A strangely out of place western from Nicholas Ray set in a bold color palette that the director would later use to great effect again in Rebel Without a Cause, Johnny Guitar is set in world of fiery passions, lust, and irrational hatred.
The title character (played by Sterling Hayden) is hired on by the strong-willed Vienna (Joan Crawford) to help her protect herself and her saloon from the townsfolk who want her out. Apparently she and Johnny were past lovers and Johnny is also a gunslinger with a hot temper he trouble keeping under control, but he’s keeping his quick trigger finger under control for Vienna’s benefit. Vienna’s main rival is Emma Small (Mercedes McCambridge), the Arizona town’s bank treasurer who has developed an irrational hatred for Vienna for two reasons. The first because the smooth-talking gangster people call Dancin’ Kid (Scott Brady) whom Emma can’t admit she actually has feelings for, has also set his sights on Vienna; secondly because she believes that Dancin’ Kid and his friends killed her brother. Emma convinces the people of the town to gather a posse and arrest Vienna, but the first confrontation results in no more than a tense standoff in Vienna’s saloon and an ultimatum for her to shutdown her saloon and get out of town within 24 hours. This doesn’t sit well with Dancin’ Kid or Emma. Dancin’ Kid and his cronies plan a bank robbery and take all the bank’s stash, and it just happens to go off when Vienna is there withdrawing her funds and closing her account. This gives Emma all the fuel she needs to finally link Vienna to the Dancin’ Kid and a crime, and another posse is gathered, this time with a lynching on their mind. Johnny Guitar, meanwhile, who’d been sent away, must come to Vienna’s rescue and save her from the angry mob.
Martin Scorsese has said that Johnny Guitar feels more like an opera than a western, and he’s right. The melodrama, the angst, the romance, the tight indoor scenes, the numerous set pieces and the psychosexual subtexts of these two, strong, angry women in their butch cowboy uniforms in a battle royale against each other surrounded by weak-kneed men uninterested in entering into the arena makes this one a special, western.
Johnny Guitar comes to Blu-ray in an AVC 1080p encodement from a new 4K digital restoration framed at 1.66:1. The Trucolor imagery looks breathtakingly saturated and the film’s grain structure is organic and thinly layered, apart from a few places where the optical effects process of the day leads to extra grain levels from the dupe process. There are no issues with edge enhancement, and the contrast is strong. Shadows are wonderfully nuanced with only the slightest hint of crush in a few places, but not enough to hinder the extended detail.

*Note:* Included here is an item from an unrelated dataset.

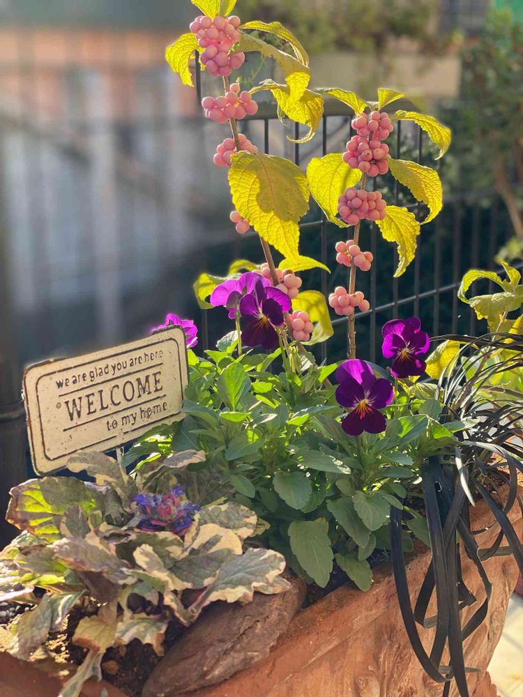 前回投稿のビオラと桃式部の寄せ植えの全体画像です。アジュガも葉色の種類が豊富ですよね♪黒竜も大好き💕

The monaural soundtrack is supplied in a crystal clear DTS-HD Master Audio 2.0 track that has little in the way of pops and hiss, and good enough balance of sounds.
We get an interesting slate of supplements that provide an in depth look at the historical context of the film and its production. The audio commentary from Geoff Andrew, while not very charismatic, is interesting and very informative about Joan Crawford and Nicholas Ray.

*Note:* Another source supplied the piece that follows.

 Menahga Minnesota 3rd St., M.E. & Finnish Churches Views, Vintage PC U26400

- Introduction by Martin Scorsese (1.33:1; upscaled 1080p/24; 00:03:28)
- Audio Commentary with Critic Geoff Andrew
- Johnny Guitar: A Western Like No Other — With critics Miriam Bale, Kent Jones, Joe Mcelhaney and B. Ruby Rich (1.78:1; 1080p/24; 00:17:29)
- Johnny Guitar: A Feminist Western? — With critics Miriam Bale, Kent Jones, Joe Mcelhaney and B. Ruby Rich (1.78:1; 1080p/24; 00:14:33)
- Tell Us She Was One of You: The Blacklist History of Johnny Guitar — With historian Larry Ceplair and blacklisted screenwriter Walter Bernstein (1.78:1; 1080p/24; 00:10:23)
- Free Republic: Herbert J.Yates and the Story of Republic Pictures with archivist Marc Wanamaker (1.78:1; 1080p/24; 00:06:01)
- My Friend, the American Friend – Memories of Nicholas Ray with Tom Farrell and Chris Sievernich (1.78:1; 1080p/24; 00:11:07)
- Johnny Guitar: The First Existential Western – essay by critic Jonathan Rosenbaum provided on disc and in booklet form.
- Theatrical Trailer (1.37:1; 1080p/24; 00:02:50)
The Final Assessment
Joan Crawford puts on a superb performance in what is often called a “feminist western”, but can be viewed from a number of angles – feminist, lesbian, or just melodrama. With a supporting cast that includes Ernest Borgnine, Ben Cooper and Royal Dano, this reimagined western is a pleasure for cinephiles in this new 4K restoration.